Posted to dev@nutch.apache.org by Enzo Michelangeli <en...@gmail.com> on 2007/06/09 09:53:36 UTC
Re: Loading mechanism of plugin classes and singleton objects

This is a self-followup from a thread in nutch-user - see:
http://www.nabble.com/Loading-mechnism-of-plugin-classes-and-singleton-objects-tf3869131.html#a11036730

----- Original Message ----- 
From: "Enzo Michelangeli" <en...@gmail.com>

To: <nu...@lucene.apache.org>
Sent: Saturday, June 09, 2007 10:43 AM
Subject: Re: Loading mechnism of plugin classes and singleton objects

[...]
>                                       In that spirit (think global, act
> local ;-) ), we could also subclass org.apache.hadoop.conf.Configuration
> only for use by methods of PluginRepository, and override its hashCode()
> method instead of touching the original class.

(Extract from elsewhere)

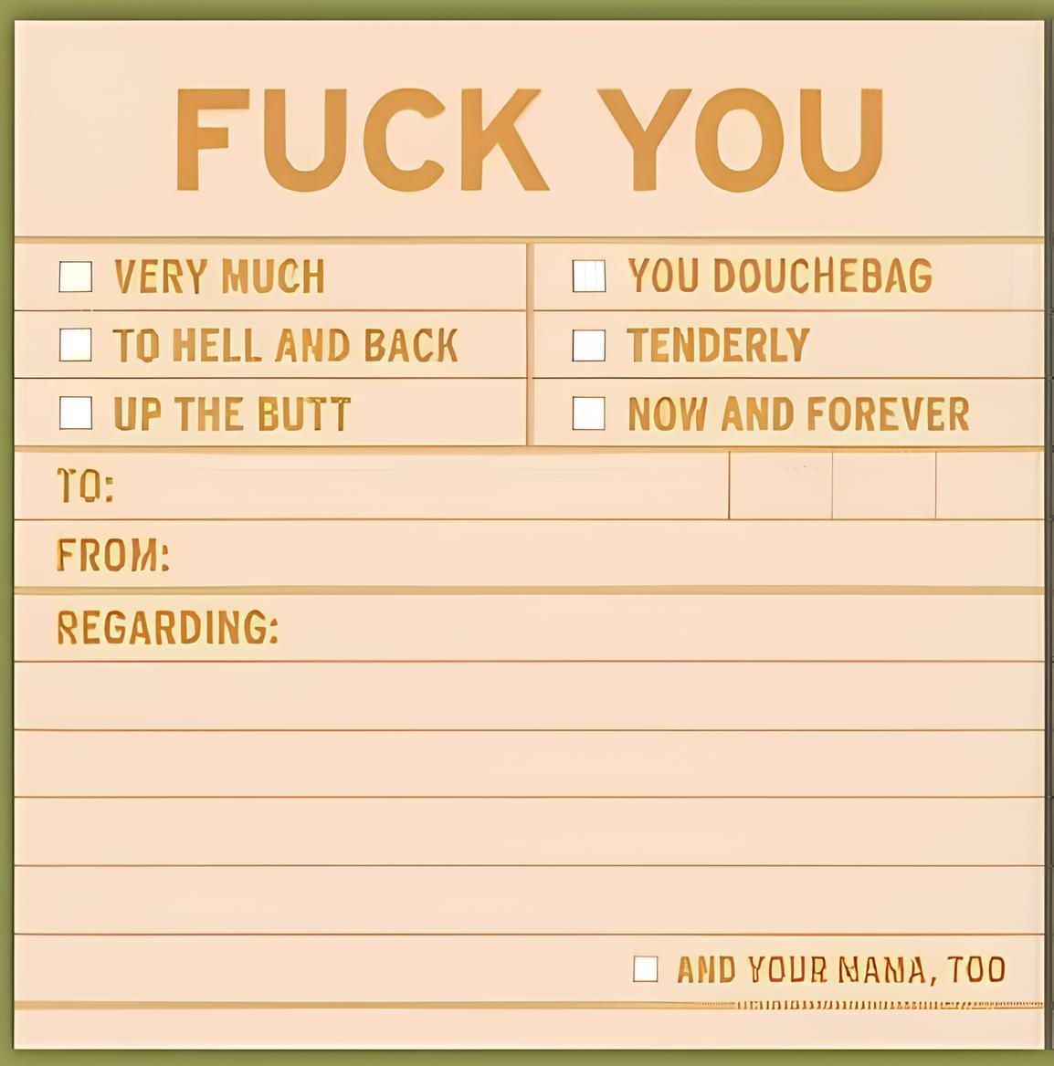 - FUCK YOU Notes: Whether it's "To Hell and Back" or "Up the Butt," these sticky notes perfectly express your true feelings when words just won’t cut it.

On second thought, I believe we should change the original: that's how the
hashCode() method of a class implementing the Map interface, like
org.apache.hadoop.conf.Configuration.hashCode(), should work in first place,
and, if it doesn't, it should be fixed. The JavaDoc for the Map interface
http://java.sun.com/j2se/1.5.0/docs/api/java/util/Map.html#hashCode%28%29
says:

    int hashCode()
        Returns the hash code value for this map. The hash code of
        a map is defined to be the sum of the hashCodes of each
        entry in the map's entrySet view. [...]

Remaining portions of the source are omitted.